Edward, who was just thirteen at the time of exile, seems to have subsisted primarily within the Ducal household. A poor relation no doubt, but one whose unimpeachable royal pedigree and claim to the kingdom of England represented a potential boon. Edward can be found within the witness lists of several charters issued by his Norman relatives in the early 1030s, two of which he was explicitly identified as the king of England, suggesting that Edward was consciously experimenting with maintaining and affirming his claim to England with the blessing of his Norman relatives. Indeed, the Norman chronicler and monk, William of Jumièges, testifies that in 1034 the conqueror’s father, Duke Robert the Magnificent, attempted to launch an invasion of England in pursuit of his cousin’s claim.

While bad weather ultimately led to the abandonment of the campaign and saw most of the would-be invasion fleet washed up on Jersey, the attempt represented a considerable risk on Robert’s part. An invasion of England in 1034 meant a potentially protracted war with Denmark and the diverse forces that Cnut the Great could muster from every corner of his Scandinavian and Norse Gaelic hegemony. That Robert was willing to take such a risk on behalf of his cousin speaks both to the importance of family in early eleventh-century continental aristocratic culture and the vast rewards which the duke could expect to be showered upon him and his followers by a thankful and victorious Edward.

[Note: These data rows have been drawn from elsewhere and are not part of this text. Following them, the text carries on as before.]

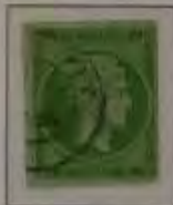
5 Lepta, Farbe: a. grün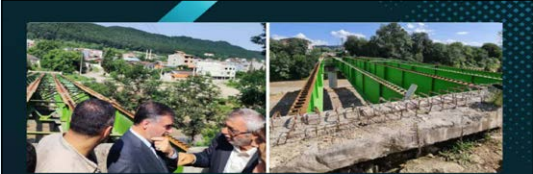
همزمان با دوازدهمین سفر شهرستانی استاندار مازندران به سوادکوه شمالی: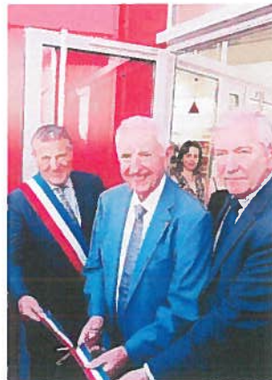
Traditionnel coupé de ruban.

Les centaines de personnes qui ont visité les lieux ont été unanimement conquises. La médiathèque ouvrira ses portes au public début septembre. Des permanences se tiendront cet été pour les anciens adhérents de la bibliothèque afin qu'ils puissent retourner des livres et en récupérer.

Meanwhile in the mid 1020s Edward’s sister, Godgifu, married Drogo of Mantes, the count of Valois and the Vexin. This match was almost certainly arranged with the benefit of her Norman hosts and sponsors in mind. Since Drogo’s holdings were located on the strategically vital hinterland between Normandy and the lands controlled directly by the King of France, forging a close familial and political connection with him and his territories ensured the security of the Duchy, while providing a potential springboard for further expansion.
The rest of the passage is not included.